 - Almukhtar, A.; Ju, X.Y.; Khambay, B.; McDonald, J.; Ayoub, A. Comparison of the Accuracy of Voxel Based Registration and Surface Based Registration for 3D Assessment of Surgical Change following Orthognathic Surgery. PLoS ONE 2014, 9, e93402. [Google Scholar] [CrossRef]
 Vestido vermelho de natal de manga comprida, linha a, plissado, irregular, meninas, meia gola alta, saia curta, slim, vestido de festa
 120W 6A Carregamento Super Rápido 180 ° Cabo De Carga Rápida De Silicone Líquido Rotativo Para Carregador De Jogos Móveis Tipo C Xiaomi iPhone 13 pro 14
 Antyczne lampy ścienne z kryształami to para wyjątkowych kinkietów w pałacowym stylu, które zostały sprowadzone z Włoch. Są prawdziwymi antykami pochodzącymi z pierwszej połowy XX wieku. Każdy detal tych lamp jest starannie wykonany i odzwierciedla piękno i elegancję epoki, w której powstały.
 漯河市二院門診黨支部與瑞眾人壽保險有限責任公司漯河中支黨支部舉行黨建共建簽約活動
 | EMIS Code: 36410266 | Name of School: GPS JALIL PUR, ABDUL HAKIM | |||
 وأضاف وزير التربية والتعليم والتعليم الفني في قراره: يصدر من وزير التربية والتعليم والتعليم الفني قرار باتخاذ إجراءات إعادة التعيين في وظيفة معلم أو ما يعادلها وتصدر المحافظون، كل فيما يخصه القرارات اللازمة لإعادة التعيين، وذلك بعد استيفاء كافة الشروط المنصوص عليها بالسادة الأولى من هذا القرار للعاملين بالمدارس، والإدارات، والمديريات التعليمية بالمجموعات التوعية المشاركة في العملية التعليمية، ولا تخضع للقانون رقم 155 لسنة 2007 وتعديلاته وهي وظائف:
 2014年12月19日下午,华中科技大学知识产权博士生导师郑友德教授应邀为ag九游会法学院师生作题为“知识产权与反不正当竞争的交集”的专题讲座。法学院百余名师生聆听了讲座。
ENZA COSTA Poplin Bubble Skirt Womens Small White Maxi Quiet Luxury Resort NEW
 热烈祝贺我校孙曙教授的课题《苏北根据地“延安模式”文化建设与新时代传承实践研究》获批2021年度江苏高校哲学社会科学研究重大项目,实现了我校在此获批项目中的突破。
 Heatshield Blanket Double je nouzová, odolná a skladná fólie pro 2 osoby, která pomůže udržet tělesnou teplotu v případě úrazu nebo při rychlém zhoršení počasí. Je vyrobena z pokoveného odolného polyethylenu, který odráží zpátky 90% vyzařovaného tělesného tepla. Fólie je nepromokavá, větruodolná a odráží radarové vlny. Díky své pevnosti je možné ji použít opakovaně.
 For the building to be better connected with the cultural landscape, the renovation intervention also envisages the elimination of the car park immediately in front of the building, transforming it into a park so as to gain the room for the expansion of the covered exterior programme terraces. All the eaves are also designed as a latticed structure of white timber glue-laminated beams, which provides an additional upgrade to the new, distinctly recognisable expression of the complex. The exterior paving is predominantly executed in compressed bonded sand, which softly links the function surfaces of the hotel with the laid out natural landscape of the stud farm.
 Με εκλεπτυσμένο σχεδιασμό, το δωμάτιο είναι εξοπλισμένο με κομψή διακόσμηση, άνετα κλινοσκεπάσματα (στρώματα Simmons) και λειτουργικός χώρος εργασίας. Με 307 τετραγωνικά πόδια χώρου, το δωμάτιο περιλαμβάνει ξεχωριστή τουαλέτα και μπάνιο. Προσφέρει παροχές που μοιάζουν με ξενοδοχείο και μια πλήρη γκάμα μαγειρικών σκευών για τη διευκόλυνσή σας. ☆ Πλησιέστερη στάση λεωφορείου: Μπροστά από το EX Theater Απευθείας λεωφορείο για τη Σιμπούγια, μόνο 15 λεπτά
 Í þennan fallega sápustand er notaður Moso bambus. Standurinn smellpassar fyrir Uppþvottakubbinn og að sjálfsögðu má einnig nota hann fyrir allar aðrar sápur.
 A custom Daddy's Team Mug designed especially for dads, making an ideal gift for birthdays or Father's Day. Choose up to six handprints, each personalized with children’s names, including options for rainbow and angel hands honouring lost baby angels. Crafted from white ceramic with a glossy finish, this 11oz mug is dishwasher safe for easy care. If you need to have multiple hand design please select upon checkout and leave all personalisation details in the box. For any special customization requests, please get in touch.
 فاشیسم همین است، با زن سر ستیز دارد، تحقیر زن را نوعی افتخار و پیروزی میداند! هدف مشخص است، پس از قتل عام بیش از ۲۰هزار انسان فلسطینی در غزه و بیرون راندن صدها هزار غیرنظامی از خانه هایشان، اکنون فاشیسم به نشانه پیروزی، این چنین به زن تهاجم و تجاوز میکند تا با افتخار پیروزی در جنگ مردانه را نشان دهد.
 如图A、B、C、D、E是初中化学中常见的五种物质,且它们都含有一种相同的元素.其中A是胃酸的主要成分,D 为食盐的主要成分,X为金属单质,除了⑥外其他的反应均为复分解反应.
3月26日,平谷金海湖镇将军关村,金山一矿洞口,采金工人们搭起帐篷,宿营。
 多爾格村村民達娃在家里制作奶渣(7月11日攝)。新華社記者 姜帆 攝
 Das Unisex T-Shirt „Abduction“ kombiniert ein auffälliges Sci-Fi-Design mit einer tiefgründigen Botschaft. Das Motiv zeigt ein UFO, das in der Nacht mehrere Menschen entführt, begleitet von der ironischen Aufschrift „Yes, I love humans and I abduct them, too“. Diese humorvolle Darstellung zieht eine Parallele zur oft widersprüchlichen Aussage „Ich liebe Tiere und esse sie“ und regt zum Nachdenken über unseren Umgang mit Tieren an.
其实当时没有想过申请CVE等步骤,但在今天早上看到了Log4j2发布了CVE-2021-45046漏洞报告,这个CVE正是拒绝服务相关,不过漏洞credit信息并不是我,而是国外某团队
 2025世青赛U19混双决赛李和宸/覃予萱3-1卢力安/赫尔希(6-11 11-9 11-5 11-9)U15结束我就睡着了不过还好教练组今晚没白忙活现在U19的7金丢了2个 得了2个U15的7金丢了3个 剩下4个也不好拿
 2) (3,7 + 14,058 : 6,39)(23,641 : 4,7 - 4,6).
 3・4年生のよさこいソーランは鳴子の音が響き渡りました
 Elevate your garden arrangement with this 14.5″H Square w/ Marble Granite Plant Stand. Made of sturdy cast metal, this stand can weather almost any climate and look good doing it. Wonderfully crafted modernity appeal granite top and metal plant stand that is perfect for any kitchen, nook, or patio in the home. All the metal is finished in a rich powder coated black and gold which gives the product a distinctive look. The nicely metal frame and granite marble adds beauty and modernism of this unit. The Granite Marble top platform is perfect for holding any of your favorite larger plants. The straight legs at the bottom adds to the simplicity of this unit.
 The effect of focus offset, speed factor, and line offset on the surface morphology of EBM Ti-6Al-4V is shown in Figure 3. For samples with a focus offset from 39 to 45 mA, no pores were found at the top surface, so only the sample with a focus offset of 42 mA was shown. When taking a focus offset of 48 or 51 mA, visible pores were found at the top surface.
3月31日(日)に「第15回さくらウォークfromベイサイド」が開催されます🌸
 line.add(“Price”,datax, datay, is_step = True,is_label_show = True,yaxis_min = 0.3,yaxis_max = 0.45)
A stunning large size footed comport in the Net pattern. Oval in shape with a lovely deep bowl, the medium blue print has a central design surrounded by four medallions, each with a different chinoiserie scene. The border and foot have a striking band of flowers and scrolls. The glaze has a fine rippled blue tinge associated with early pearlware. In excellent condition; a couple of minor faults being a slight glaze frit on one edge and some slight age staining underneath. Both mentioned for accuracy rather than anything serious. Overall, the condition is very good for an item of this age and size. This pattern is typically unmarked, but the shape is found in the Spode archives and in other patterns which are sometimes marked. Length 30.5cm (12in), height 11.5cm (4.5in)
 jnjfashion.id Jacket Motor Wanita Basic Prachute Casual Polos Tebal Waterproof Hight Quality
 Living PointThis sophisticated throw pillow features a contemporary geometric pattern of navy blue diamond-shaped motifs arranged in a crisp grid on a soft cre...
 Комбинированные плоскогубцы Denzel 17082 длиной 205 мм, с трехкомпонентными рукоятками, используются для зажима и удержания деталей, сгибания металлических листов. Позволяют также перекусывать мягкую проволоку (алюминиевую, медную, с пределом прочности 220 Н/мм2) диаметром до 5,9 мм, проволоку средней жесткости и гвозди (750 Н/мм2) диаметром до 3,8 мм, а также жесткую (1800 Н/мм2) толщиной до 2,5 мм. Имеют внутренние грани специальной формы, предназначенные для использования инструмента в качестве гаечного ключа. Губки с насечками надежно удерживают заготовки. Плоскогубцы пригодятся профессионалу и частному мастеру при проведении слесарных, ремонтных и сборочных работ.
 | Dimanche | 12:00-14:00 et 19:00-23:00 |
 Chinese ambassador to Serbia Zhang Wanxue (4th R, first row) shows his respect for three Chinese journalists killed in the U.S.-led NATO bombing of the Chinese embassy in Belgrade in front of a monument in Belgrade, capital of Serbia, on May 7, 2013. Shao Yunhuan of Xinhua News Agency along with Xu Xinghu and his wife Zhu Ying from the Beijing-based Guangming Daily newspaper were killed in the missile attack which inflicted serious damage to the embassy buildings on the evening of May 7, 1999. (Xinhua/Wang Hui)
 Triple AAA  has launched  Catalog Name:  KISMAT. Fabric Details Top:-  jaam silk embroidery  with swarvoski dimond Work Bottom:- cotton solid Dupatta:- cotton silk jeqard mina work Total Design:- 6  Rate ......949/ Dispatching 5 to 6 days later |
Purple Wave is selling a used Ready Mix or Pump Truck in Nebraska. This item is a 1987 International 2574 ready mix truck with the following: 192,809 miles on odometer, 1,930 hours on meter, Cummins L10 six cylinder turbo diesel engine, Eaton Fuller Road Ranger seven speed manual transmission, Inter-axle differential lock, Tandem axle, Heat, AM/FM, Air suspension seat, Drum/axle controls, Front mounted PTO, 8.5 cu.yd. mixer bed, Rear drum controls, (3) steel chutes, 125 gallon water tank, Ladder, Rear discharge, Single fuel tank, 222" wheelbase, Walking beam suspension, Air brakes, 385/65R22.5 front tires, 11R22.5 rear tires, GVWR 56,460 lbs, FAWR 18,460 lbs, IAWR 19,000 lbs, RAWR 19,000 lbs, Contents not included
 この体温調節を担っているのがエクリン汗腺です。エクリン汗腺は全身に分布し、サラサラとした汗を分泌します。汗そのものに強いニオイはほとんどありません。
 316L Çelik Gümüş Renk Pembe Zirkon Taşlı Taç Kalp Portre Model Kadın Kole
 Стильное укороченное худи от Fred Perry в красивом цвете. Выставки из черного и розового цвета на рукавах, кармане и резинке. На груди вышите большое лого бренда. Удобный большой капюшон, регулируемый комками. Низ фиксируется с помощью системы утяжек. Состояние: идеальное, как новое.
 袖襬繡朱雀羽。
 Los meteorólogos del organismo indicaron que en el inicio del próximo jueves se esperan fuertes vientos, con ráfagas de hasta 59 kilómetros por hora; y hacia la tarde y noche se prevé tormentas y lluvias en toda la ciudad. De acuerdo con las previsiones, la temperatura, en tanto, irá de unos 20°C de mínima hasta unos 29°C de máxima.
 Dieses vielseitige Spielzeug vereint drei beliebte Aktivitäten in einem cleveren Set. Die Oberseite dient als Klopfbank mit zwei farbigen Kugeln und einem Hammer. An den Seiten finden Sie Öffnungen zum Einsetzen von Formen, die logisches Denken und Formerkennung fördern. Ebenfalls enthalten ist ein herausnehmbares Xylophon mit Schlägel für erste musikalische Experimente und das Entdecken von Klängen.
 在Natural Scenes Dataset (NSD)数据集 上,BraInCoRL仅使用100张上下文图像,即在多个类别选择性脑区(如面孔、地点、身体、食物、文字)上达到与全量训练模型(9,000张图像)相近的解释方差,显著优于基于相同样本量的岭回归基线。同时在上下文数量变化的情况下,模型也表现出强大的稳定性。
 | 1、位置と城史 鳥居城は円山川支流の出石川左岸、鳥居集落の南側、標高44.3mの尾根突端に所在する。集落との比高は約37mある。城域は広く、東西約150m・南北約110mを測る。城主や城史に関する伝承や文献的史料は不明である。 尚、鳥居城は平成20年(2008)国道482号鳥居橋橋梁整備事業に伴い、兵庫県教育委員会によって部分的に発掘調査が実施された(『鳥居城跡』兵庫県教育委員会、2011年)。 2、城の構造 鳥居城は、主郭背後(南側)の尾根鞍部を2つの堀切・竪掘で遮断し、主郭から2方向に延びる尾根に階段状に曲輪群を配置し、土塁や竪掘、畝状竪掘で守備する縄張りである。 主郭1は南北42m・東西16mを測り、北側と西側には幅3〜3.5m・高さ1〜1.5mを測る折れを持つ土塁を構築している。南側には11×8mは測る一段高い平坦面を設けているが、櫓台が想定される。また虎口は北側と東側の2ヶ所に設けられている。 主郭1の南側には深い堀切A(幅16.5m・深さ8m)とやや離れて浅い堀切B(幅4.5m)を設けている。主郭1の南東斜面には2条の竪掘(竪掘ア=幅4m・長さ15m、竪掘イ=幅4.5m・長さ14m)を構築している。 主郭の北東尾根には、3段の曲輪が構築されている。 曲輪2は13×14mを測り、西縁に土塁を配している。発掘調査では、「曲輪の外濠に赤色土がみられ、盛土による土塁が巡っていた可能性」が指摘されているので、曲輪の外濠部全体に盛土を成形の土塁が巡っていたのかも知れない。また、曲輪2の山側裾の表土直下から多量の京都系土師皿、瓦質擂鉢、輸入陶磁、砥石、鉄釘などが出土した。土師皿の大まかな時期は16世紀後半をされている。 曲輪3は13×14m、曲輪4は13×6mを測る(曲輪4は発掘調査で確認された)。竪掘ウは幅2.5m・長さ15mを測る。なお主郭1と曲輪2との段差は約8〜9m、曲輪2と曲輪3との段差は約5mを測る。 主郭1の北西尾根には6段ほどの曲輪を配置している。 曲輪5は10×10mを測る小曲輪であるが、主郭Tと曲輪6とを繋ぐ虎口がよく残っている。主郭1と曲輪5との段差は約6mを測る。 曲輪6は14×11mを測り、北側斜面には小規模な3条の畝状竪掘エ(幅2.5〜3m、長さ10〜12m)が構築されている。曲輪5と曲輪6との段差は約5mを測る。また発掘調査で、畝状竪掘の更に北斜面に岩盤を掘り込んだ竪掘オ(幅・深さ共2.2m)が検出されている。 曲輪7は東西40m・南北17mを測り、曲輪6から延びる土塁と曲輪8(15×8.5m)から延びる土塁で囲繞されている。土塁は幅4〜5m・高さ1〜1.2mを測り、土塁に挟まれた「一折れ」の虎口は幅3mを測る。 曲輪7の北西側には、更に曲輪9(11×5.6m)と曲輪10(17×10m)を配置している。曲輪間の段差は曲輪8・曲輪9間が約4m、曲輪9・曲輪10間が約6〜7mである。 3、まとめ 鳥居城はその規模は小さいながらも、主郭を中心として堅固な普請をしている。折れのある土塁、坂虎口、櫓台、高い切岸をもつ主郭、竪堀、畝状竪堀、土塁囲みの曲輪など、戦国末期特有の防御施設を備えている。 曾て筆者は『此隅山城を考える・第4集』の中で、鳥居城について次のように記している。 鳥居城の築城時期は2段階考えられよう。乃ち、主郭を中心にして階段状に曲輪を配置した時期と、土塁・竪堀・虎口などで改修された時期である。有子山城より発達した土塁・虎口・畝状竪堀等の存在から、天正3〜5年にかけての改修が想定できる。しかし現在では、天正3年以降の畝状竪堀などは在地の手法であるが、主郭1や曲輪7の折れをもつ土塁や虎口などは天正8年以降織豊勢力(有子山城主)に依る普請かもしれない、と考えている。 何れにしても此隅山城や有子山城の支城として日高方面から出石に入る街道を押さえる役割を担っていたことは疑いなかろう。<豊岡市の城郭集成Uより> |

○ ○ ○

▸ **TASK PROMPT**:
Write out exactly, please, the lines beginning at the start of the material and ending with the line that holds "HAKIM | |||", both included.

▸ **SOLUTION FOR THIS EXERCISE**:
 - Almukhtar, A.; Ju, X.Y.; Khambay, B.; McDonald, J.; Ayoub, A. Comparison of the Accuracy of Voxel Based Registration and Surface Based Registration for 3D Assessment of Surgical Change following Orthognathic Surgery. PLoS ONE 2014, 9, e93402. [Google Scholar] [CrossRef]
 Vestido vermelho de natal de manga comprida, linha a, plissado, irregular, meninas, meia gola alta, saia curta, slim, vestido de festa
 120W 6A Carregamento Super Rápido 180 ° Cabo De Carga Rápida De Silicone Líquido Rotativo Para Carregador De Jogos Móveis Tipo C Xiaomi iPhone 13 pro 14
 Antyczne lampy ścienne z kryształami to para wyjątkowych kinkietów w pałacowym stylu, które zostały sprowadzone z Włoch. Są prawdziwymi antykami pochodzącymi z pierwszej połowy XX wieku. Każdy detal tych lamp jest starannie wykonany i odzwierciedla piękno i elegancję epoki, w której powstały.
 漯河市二院門診黨支部與瑞眾人壽保險有限責任公司漯河中支黨支部舉行黨建共建簽約活動
 | EMIS Code: 36410266 | Name of School: GPS JALIL PUR, ABDUL HAKIM | |||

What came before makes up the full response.